When not drowning in his own guilt over Wally’s death through the pages of the Flash Annual #3 Barry faces off against Gorilla Grodd … and that’s about as interesting as it sounds. The capper (again, I won’t spoil it), to this particular storyline goes so against everything I’ve ever known Barry Allen to be that some 40-odd pages lady are hardly worth skimming through as one could surmise about the rest of Jensen and Venditti’s run on the title.
It’s not even that the story they’ve put on the page is bad, it’s “meh” level at the worst – it is the misinterpretation of two beloved DC characters that leaves absolutely nothing to be desired about the Flash Annual #3.
TOUCH AND GO
Two artists, like two writers. The four creators of the Flash Annual #3 certainly prove the adage of “too many cooks in the kitchen”. Brett Booth’s pages are well done (if you can get over his recent internet insults), and Ron Frenz’s pages are disproportionate.
Barry (who appears in more panels than any other character in the entire issue), rarely looks the same from one page to another and is often forced into absurd poses. His wrists, for example, are nothing short of hyper mobile. Beyond the lackluster cameo of Wally West the remaining cast of the Flash Annual #3 are forgettable. They are all of a similar stock, though they are garbed in different outfits.

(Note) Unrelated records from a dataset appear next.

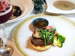 The A la carte buffet lets you order to your heart's content. It's highly recommended to book the Free Flow Mocktail package for great value. Every drink is excellent. As a meat lover, I was thrilled with the Tournedo Rossini steak made from high-quality meat, meticulously prepared and served with foie gras and a special sauce. The meat is incredibly tender, and the grilled lamb ribs are just fantastic. For those who don't eat meat, there's also a special dish, grilled snowfish. Other unlimited menu items include grilled tiger prawns, pizza, salad, spaghetti, and various cheeses. Finish off with a superb chocolate cake that's also gluten-free.
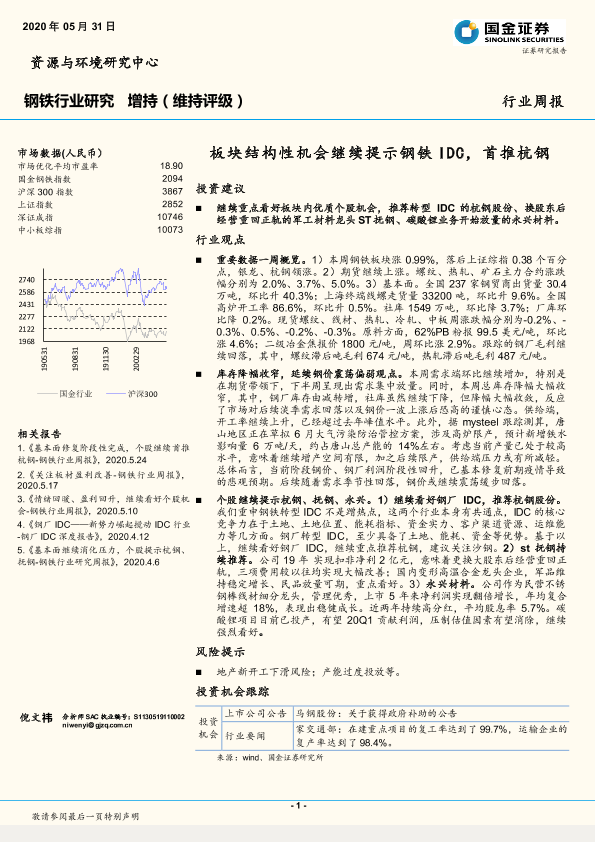 【国金证券】【20200531】20200531-国金证券-钢铁行业研究:板块结构性机会继续提示钢铁IDC,首推杭钢-10页
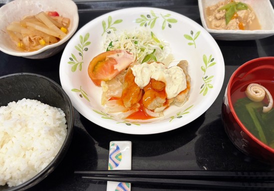 2025年09月04日(木) チキン南蛮♪ こんにちはアルファリビング鹿児島上荒田です。 先日、昼食にチキン南蛮が出ました☺☆ 野菜がたっぷりで栄養満点でした(⁎˃ᴗ˂⁎) 美味しく野菜が取れるといいですね
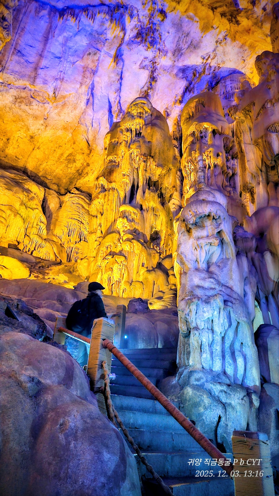 직금동굴은 내가 본 동굴(국내, 베트남, 장가게, 인도네시아) 중에서 규모, 길이, 높이에서 앞도했다. 장관이다. 내가 우주 어느 공간에 불시착 했나 잠시 착각이 든다. 지형지물에 조명을 배치한 기술과 표현 능력이 어느 동굴보다 우수하다. 종류석과 석순은 물론 자연이 아니면 이런 창작물을 만들 수 있을까? 말로 다 표현하기 어렵다. 직접 봐야 한다. 수억년의 세월이 동굴에 있다. 살아있는 경이로운 지구의 모습을 본다. 우주공간을 폰에 담아보고 싶었는데 한계가 있다. 그 경이로운 경관은 아직 머리에 남아있다.
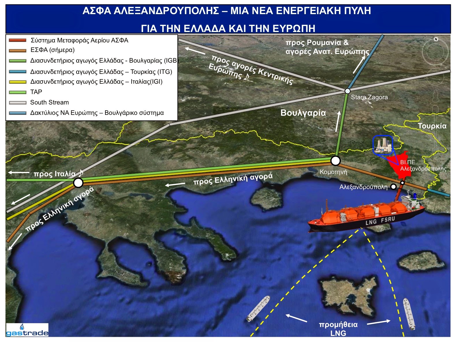 Το έργο ¨ΑΣΦΑ¨ Αλεξανδρούπολης αφορά στον υπεράκτιο πλωτό τερματικό σταθμό υποδοχής προσωρινής αποθήκευσης και αεριοποίησης Υγροποιημένου Φυσικού Αερίου (ΥΦΑ) στο Θρακικό Πέλαγος, νοτιοδυτικά του λιμένα της Αλεξανδρούπολης καθώς και σε αγωγό σύνδεσης αυτού με το σύστημα φυσικού αερίου, το Εθνικό Σύστημα Φυσικού Αερίου που λειτουργείται από τον ΔΕΣΦΑ. Μέσω του αγωγού αυτού, το φυσικό αέριο που αποθηκεύεται και αεριοποιείται στον πλωτό σταθμό θα μεταφέρεται στις αγορές της Ελλάδας και των Βαλκανικών χωρών προς κατανάλωση.
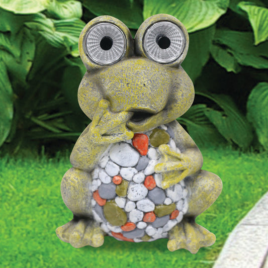 Silver & Stone Outdoor Solar Frog Ornament Pebble Effect
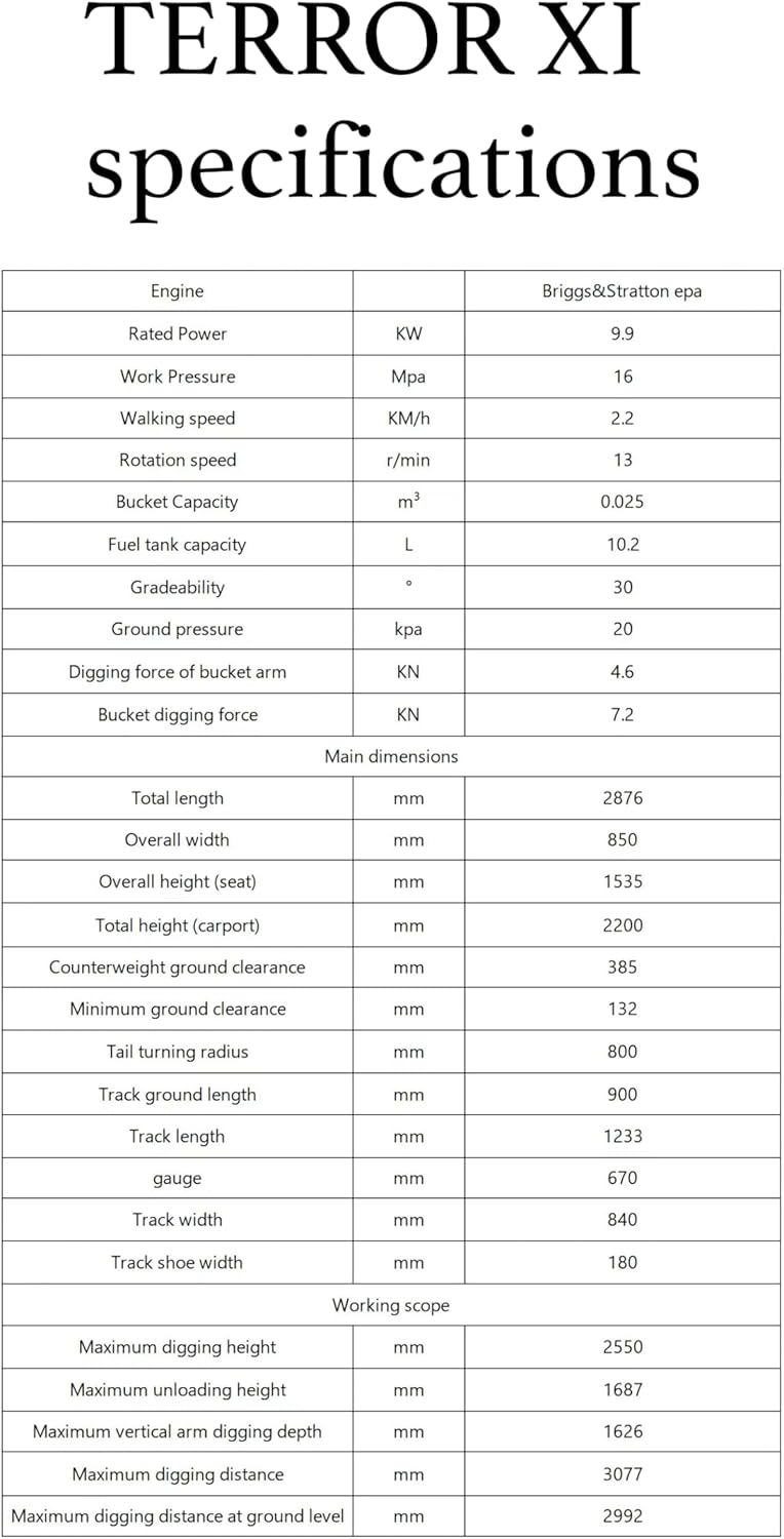 - 4. User-Friendly Design Micro digger is extremely easy to maneuver, even for first-time users. Comes with a boom swing for extra agility. Possesses a maximum digging height of 2550mm and maximum excavation depth of 1626mm. 400mm bucket with a capacity of 0.025cbm and platform ground clearance of 132mm allow easy operation for all excavation, drilling, or bull-dozing jobs.
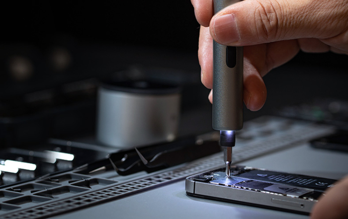 ifu电动螺丝刀,采用高电池能量密度的锂电池,充一次电,可以拆装500颗左右精密螺钉。
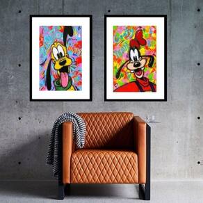 Kit 2 quadros grafite pluto pateta - 60x48cm Moldura: madeira preta Informações do produto tire todas as suas dúvidas no descritivo abaixo: decoração para quarto, sala, cozinha, escritório, área gourmet e muito mais. Chega de paredes vazias medidas - cada peça tem 60x48cm . Material do papel - papel fotográfico brilhante de altíssima resolução acabamento - todos os quadros são acompanhados de vidro para proteção da imagem. - moldura em madeira maciça na cor preta ou branca conforme produto escolhido e pendurador. - paspatur branco com 7cm de largura - os quadros são embalados de forma segura com plástico bolha com camada dupla de acordo com o tamanho dos quadros. Garantia - garantia de 3 meses. Meu quadro chegou. Como posso fixá-lo Você precisa apenas de um martelo e um prego, pois os quadros já vão acompanhados de penduradores. Esta é a forma mais indicada. Como posso limpar meu quadro A limpeza é feita como um móvel comum da sua casa. Apenas um pano seco ou espanador são suficientes para tal
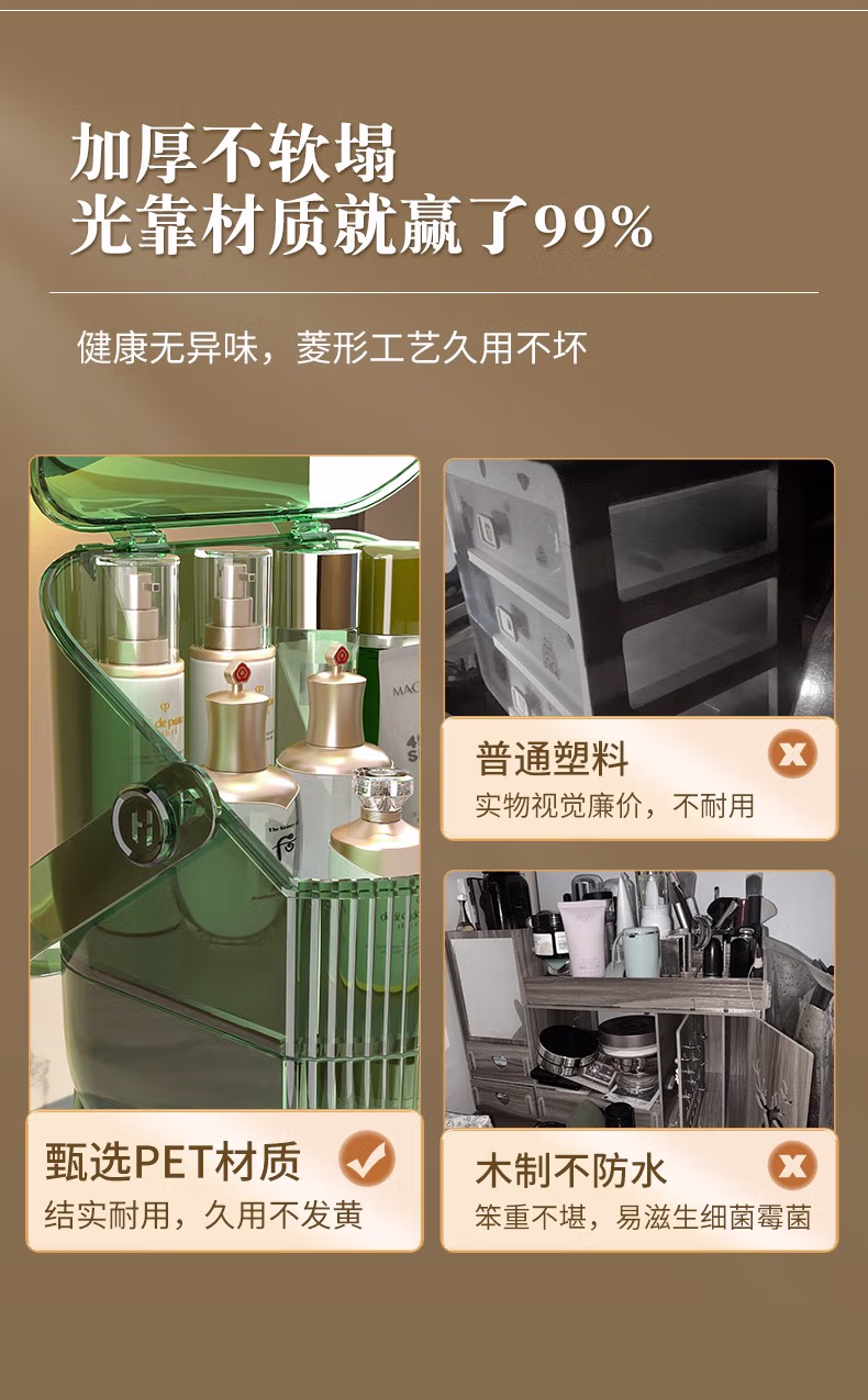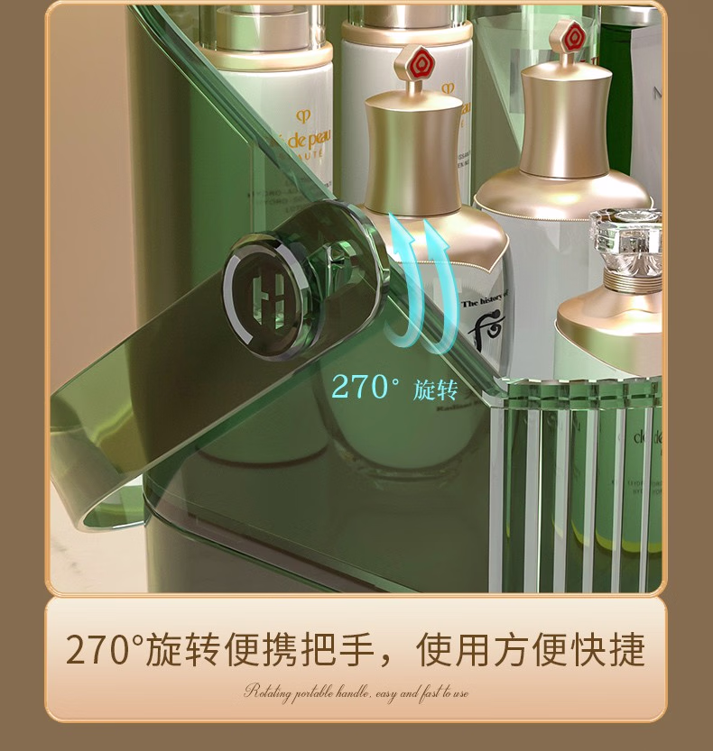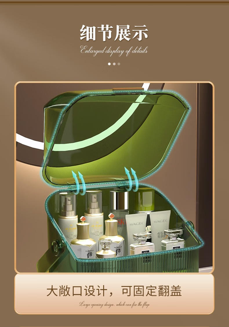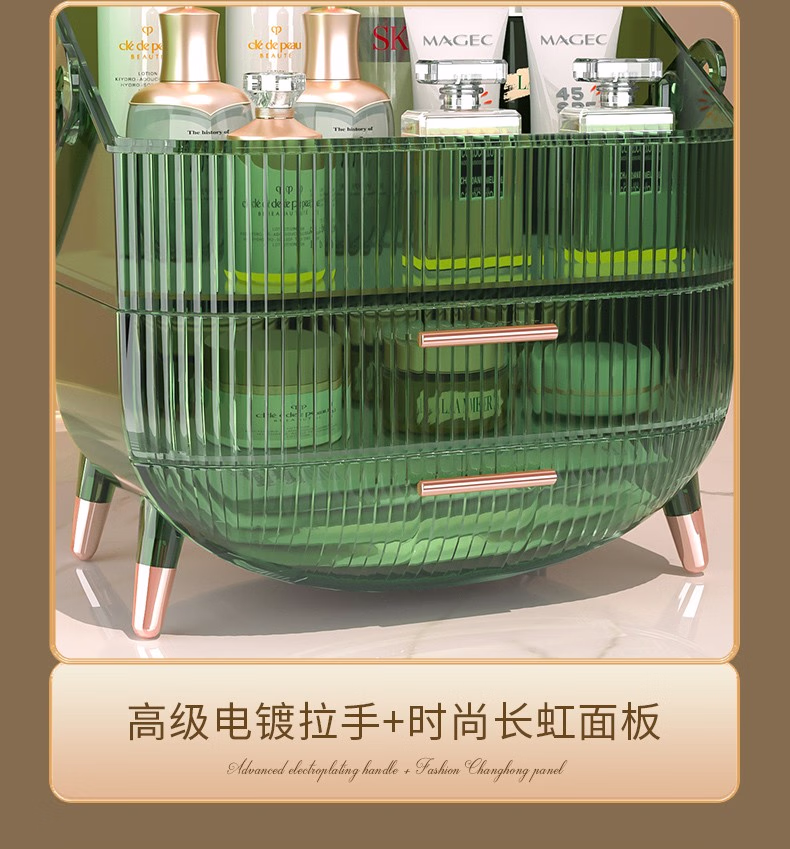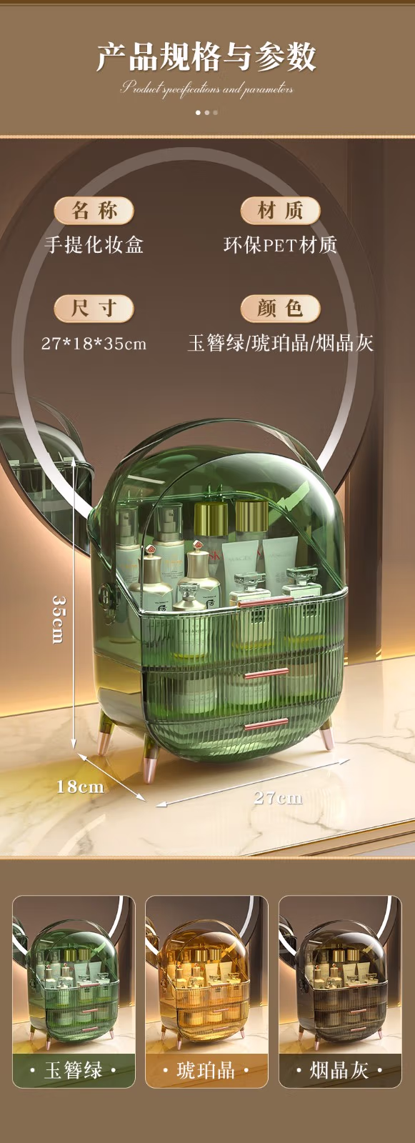 KAMAN轻奢化妆品收纳盒桌面防尘护肤品置物架子高级梳妆台化妆箱 轻奢新款【烟晶灰】防尘/可手提/大容量
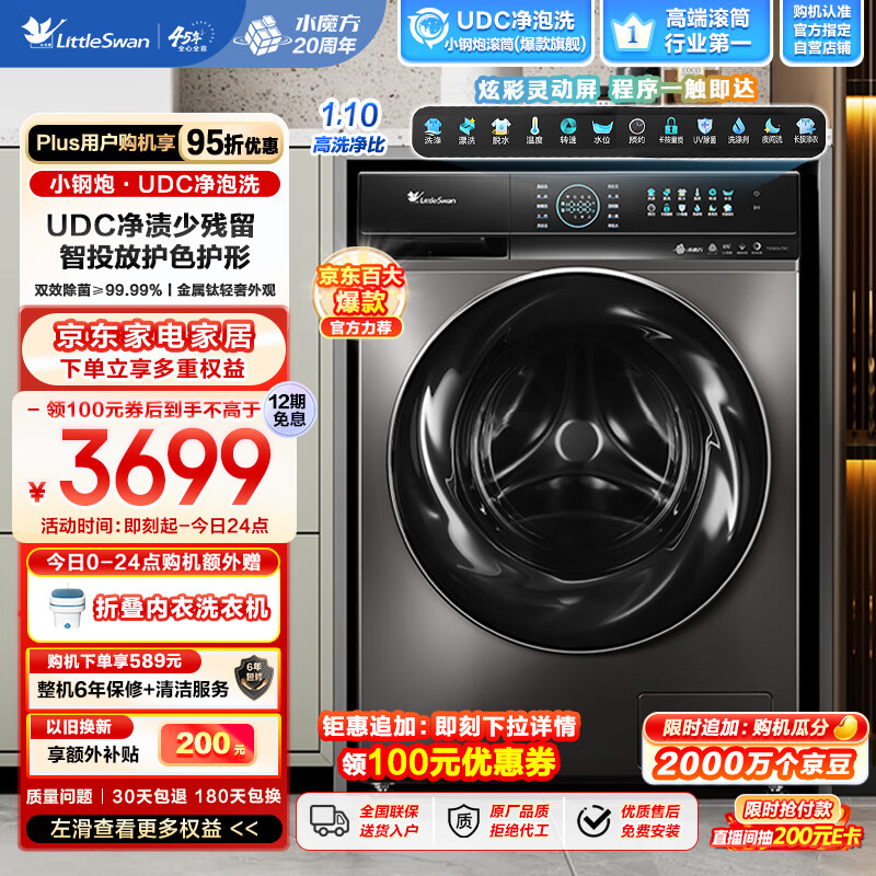 小天鹅(LittleSwan)滚筒洗衣机全自动 水魔方【小钢炮TG100UTEC】 UDC净渍 1.1洗净比 彩屏自投 超薄10公斤 809单洗价格:3799.00元!

Beyond that there is nothing much worth mentioned about Booth and Frenz’s work on this issue. This is an annual and I cannot help but feel that it ought to have been something spectacular.
DON’T BOTHER
If you have even a passing care for any of the characters in the Flash mythology the Flash Annual #3 will probably upset you. It’s full of names and (sometimes), faces we know so twisted that the recognition feels false. Everything else about the issue is so shoddily thrown together, and with such a lack of reverence for the material, that $4.99 is a ludicrous asking price.
3 Comments
BOOOO. God that sounds lame and as Wally is and will always be my favorite Flash this sounds like an incredible disservice to a characters with DECADES of history.
Great review, so sorry to hear what’s become of Wally West.
I thought Wally was Hispanic in this issue, not African-American. Not that I read it that closely, but that is what the art suggested to me.